India literary council condemns attacks on writers

Indian writers hand over a memorandum to Vishwanath Prasad Tiwari, center, the current President of Sahitya Akademi, or National Academy of Letters, after a protest march in New Delhi, India, Image copyright AP
Image caption Akademi president Vishwanath Prasad Tiwari was handed a memorandum from a group of writers who held a silent march

India's Sahitya Akademi, which bestows literary honours, has condemned recent attacks on writers and rationalists.

It came as 100 writers protested outside the council, demanding it take measures to protect freedom of speech.
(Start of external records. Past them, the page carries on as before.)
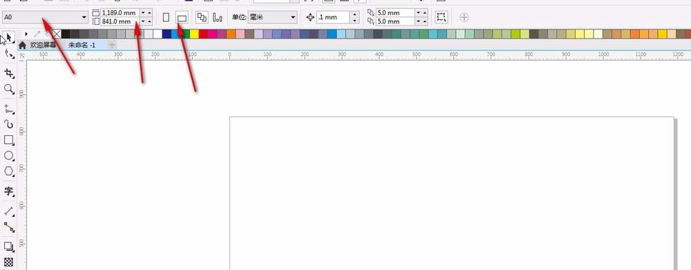1、新建一文檔,參數默認,在打開的文檔里,修改,文檔大小為A0大小橫向為1189mm,高為841mm,方向為橫向。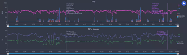 從實(shí)測數(shù)據(jù)可以看到(開啟最高畫質(zhì)),整個(gè)游戲過程都可以保持在55fps左右,最低處也有43.9fps,整體幀率相對平穩(wěn)。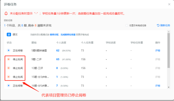 项目管理员在【考试管理\-评卷数据管理-评卷进度控制】中,停止试题阅卷后,评卷老师登录,打开【网上评卷】模块,在【评卷任务】项目列表,点击【开始阅卷】按钮,打开评卷任务弹窗,如图所示:

Several writers have returned their awards to the council in recent weeks, protesting against what they call rising intolerance in India.

The Akademi has condemned "any atrocity against any writer" in India, and urged writers to take back their awards.

In recent weeks, growing numbers of writers have been protesting against book bans, the silencing of writers like Perumal Murugan following attacks by right-wing groups, and the killings of rationalists such as Malleshappa Kalburgi and Govind Pansare this year.

The Akademi had been criticised for not speaking out against the attacks sooner, with over 40 writers returning their awards to protest the institution's "silence" on the "attacks against dissent".

Akademi president Vishwanath Prasad Tiwari had earlier called the protest "illogical", but accepted a memorandum on Friday from the writers, who held a silent march to the institution's headquarters.

The Akademi then later issued a statement condemning "any atrocity against any writer anywhere in the country in the strongest of words".

It also condemned the killing of rationalist Kalburgi "and other intellectuals and thinkers", and called on "governments at the centre and in the states to take immediate action to bring the culprits to book and to ensure the security of writers now and in the future".

Image copyright AP
Image caption The killing of Mr Kalburgi was one of the main tipping points for the protest against the Sahitya Akademi
Image copyright Outlook Magazine
Image caption Nayantara Seghal has criticised the ruling government for "rising intolerance"

Speaking to the BBC, Githa Hariharan of the Indian Cultural Forum, made up of a number of writers who returned their awards, said that the Akademi statement was welcome although "late".

However she said that the issues that had prompted the protests in the first place remained a matter of concern for writers.

"The silence of the Sahitya Akademi was a tipping point for the pain and anguish felt by many of us who are struggling to recognise the India we grew up in. It became a symbol for our frustrations. But now it's time to move on to to addressing these larger issues as well," she said.

The writers' protest was seen as unprecedented in India.

Some of the writers who returned their awards included two of India's most highly respected writers, Nayantara Sahgal, and Krishna Sobti. Other writers like Shashi Deshpande, K Satchidanandan and PK Parakkadavu also returned awards and resigned from the Akademi's councils.